As for the boycott? I think ikt would do nothing more than generate a spam list for spammers....
From Snopes: http://www.snopes.com/politics/gasoline/gasout.asp
Quote:
This year's litany of complaints about gasoline prices is a re-run of the same program from years past: Gasoline prices in the USA are too high; gasoline is a unique commodity whose price isn't subject to the usual market forces of supply and demand; OPEC and greedy American oil companies secretly manipulate the market to keep prices artificially high; and a simple boycott of a couple of brands of gasoline will rectify all this.
Oil companies can manipulate their prices somewhat by controlling how much gasoline they produce and where they sell it, but they can't alter the basics of supply and demand: prices go down when people buy less of a good, prices go up when people buy more of a good, and prices go way up when demand outstrips available supply. The "gas out" schemes that propose to alter the demand side of the equation by shunning one or two specific brands of gasoline for a while won't work, however, because they're based on the misconception that an oil company's only outlet for gasoline is its own branded service stations. That isn't the case: gasoline is a fungible commodity, so if one oil company's product isn't being bought up in one particular market or outlet, it will simply sell its output to (or through) other outlets:
Economics Prof. Pat Welch of St.
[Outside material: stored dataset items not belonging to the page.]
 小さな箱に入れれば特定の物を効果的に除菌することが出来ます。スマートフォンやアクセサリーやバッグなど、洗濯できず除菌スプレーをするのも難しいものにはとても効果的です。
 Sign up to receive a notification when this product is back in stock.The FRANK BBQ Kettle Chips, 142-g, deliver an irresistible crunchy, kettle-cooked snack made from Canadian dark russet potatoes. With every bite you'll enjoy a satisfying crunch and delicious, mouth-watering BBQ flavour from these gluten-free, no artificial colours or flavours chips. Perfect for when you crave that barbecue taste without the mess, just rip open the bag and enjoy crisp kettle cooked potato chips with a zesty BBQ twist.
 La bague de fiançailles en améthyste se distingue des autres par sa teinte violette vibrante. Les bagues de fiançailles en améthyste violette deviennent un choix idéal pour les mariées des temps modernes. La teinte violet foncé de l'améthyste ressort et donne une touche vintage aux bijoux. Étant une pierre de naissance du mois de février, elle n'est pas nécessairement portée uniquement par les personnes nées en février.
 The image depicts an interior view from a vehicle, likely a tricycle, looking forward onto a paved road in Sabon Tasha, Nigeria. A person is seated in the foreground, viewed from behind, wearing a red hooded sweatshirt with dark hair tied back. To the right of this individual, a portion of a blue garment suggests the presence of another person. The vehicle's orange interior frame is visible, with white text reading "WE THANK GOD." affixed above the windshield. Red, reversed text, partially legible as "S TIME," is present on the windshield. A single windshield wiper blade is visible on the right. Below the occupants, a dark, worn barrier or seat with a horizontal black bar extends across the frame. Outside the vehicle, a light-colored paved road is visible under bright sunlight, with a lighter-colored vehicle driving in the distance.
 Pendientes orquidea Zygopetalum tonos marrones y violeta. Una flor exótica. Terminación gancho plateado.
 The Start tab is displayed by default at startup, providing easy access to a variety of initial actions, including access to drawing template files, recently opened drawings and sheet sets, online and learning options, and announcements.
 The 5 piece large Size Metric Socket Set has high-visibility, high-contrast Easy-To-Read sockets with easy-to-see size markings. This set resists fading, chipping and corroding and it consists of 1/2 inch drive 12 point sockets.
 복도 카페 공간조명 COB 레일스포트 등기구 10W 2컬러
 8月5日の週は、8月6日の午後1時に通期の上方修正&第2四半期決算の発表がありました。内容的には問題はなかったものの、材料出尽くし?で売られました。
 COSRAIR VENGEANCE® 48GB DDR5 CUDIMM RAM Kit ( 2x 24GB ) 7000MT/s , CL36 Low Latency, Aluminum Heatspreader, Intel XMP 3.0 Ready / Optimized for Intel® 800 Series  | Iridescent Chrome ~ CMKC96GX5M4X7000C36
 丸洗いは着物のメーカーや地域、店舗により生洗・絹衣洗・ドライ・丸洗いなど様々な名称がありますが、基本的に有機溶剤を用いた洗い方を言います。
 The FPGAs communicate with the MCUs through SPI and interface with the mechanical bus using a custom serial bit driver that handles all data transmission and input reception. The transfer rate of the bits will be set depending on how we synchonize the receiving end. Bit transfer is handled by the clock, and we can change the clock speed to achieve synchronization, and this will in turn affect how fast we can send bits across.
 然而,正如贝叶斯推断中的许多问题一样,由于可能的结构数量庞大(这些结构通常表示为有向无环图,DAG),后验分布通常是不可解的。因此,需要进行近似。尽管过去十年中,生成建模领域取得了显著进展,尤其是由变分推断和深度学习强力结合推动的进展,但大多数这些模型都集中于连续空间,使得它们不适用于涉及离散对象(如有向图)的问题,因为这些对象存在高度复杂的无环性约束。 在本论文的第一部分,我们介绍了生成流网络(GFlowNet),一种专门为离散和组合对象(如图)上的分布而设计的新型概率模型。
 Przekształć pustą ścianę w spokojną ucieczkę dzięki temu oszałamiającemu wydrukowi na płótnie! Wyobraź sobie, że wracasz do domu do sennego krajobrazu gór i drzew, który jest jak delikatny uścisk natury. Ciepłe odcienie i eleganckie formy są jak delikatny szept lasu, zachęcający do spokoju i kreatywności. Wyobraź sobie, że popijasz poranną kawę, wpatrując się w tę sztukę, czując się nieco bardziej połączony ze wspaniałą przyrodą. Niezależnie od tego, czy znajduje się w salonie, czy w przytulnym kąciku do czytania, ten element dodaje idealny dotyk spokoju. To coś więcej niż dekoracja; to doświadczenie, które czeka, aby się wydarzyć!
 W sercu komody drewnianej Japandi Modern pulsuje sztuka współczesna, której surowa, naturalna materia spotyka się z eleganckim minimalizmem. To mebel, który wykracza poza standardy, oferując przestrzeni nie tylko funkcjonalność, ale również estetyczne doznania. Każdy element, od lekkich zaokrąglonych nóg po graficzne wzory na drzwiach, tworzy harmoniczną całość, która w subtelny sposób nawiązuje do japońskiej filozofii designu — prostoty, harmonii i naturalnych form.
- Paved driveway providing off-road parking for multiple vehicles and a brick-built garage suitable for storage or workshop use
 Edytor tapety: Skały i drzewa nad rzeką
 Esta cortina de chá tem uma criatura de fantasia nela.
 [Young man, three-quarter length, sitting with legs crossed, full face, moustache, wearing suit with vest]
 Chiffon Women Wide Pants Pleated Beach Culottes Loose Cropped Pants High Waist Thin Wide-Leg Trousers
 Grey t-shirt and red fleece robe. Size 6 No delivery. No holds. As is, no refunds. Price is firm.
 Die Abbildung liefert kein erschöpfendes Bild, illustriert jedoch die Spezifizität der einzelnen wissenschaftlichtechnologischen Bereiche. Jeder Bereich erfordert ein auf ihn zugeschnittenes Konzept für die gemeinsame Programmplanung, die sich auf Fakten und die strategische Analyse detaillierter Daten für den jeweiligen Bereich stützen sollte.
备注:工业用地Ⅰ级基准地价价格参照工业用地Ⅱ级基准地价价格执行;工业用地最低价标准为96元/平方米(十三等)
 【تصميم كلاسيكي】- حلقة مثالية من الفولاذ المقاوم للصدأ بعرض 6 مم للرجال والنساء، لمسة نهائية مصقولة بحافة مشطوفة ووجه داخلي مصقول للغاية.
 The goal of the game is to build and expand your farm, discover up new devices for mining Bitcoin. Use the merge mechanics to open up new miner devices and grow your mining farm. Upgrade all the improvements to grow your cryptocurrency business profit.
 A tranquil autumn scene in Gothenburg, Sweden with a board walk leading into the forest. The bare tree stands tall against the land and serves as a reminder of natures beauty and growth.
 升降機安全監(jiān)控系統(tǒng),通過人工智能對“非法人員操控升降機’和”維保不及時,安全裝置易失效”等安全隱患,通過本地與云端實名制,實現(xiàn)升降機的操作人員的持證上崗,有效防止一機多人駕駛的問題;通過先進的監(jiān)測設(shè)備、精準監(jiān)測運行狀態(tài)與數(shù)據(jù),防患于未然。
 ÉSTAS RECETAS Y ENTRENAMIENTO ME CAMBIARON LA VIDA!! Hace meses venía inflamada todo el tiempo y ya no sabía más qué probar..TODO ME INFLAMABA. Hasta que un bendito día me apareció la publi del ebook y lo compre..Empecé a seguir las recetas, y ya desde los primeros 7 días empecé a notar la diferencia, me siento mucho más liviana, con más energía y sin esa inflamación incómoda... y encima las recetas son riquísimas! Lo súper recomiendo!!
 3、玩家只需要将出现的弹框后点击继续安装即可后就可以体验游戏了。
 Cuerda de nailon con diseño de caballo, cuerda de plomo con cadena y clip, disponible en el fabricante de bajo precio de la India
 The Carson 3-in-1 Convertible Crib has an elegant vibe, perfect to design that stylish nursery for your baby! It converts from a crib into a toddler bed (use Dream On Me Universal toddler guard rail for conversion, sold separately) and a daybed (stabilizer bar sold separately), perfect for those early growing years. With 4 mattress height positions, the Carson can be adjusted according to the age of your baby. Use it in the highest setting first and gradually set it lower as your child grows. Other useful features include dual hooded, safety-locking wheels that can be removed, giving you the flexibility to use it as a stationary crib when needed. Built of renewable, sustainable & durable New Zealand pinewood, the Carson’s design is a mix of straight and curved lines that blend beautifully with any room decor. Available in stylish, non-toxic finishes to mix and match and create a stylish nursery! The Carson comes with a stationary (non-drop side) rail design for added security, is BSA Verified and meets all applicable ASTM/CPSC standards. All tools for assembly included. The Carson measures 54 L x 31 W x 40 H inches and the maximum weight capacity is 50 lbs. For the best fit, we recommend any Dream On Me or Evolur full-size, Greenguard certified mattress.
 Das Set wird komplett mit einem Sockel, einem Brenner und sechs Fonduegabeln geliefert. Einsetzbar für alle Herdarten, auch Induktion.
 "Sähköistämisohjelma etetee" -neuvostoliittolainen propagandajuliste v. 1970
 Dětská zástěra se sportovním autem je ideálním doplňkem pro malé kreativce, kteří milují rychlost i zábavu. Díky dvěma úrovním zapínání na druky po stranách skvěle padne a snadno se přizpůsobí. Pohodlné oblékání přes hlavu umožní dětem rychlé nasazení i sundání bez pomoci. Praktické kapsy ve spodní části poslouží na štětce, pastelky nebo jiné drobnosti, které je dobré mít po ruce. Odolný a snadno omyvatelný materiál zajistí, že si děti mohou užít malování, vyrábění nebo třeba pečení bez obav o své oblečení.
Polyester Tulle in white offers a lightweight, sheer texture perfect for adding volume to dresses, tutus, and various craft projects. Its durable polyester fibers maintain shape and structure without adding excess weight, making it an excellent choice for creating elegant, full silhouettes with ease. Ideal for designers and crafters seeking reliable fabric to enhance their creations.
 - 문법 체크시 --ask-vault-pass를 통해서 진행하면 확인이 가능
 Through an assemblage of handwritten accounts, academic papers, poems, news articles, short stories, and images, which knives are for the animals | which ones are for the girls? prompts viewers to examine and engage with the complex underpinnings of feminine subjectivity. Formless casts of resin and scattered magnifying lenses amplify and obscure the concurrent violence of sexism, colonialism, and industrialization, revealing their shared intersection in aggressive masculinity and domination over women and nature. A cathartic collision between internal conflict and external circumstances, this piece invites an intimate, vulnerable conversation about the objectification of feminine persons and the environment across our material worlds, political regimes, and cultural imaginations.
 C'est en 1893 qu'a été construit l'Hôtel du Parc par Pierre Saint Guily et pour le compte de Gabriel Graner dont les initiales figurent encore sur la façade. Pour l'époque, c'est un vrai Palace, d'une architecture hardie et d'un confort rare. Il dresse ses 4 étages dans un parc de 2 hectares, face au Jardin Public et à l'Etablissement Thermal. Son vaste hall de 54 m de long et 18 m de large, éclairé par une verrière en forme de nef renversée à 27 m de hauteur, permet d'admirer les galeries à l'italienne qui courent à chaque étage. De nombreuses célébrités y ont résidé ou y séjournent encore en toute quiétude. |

Louis University says any boycott of "bad guy" gasoline in favor of "good guy" brands would have some unintended (and unhappy) results.
. . . Welch says the law of supply and demand is set in stone. "To meet the sudden demand," he says, "the good guys would have to buy gasoline wholesale from the bad guys, who are suddenly stuck with unwanted gasoline."
So motorists would end up . . . paying more for it, because they'd be buying it at fewer stations.
And yes, oil companies do buy and sell from one another. Mike Right of AAA Missouri says, "If a company has a station that can be served more economically by a competitor's refinery, they'll do it."
Right adds, "In some cases, gasoline retailers have no refinery at all. Some convenience-store chains sell a lot of gasoline — and buy it all from somebody else's refinery."
A boycott of a couple of brands of gasoline won't result in lower overall prices. Prices at all the non-boycotted outlets would rise due to the temporarily limited supply and increased demand, making the original prices look cheap by comparison. The shunned outlets could then make a killing by offering gasoline at its "normal" (i.e., pre-boycott) price or by selling off their output to the non-boycotted companies, who will need the extra supply to meet demand. The only person who really gets hurt in this proposed scheme is the service station operator, who has almost no control over the price of gasoline.
The only practical way of reducing gasoline prices is through the straightforward means of buying less gasoline, not through a simple and painless scheme of just shifting where we buy it. The inconvenience of driving less is a hardship too many people apparently aren't willing to endure, however.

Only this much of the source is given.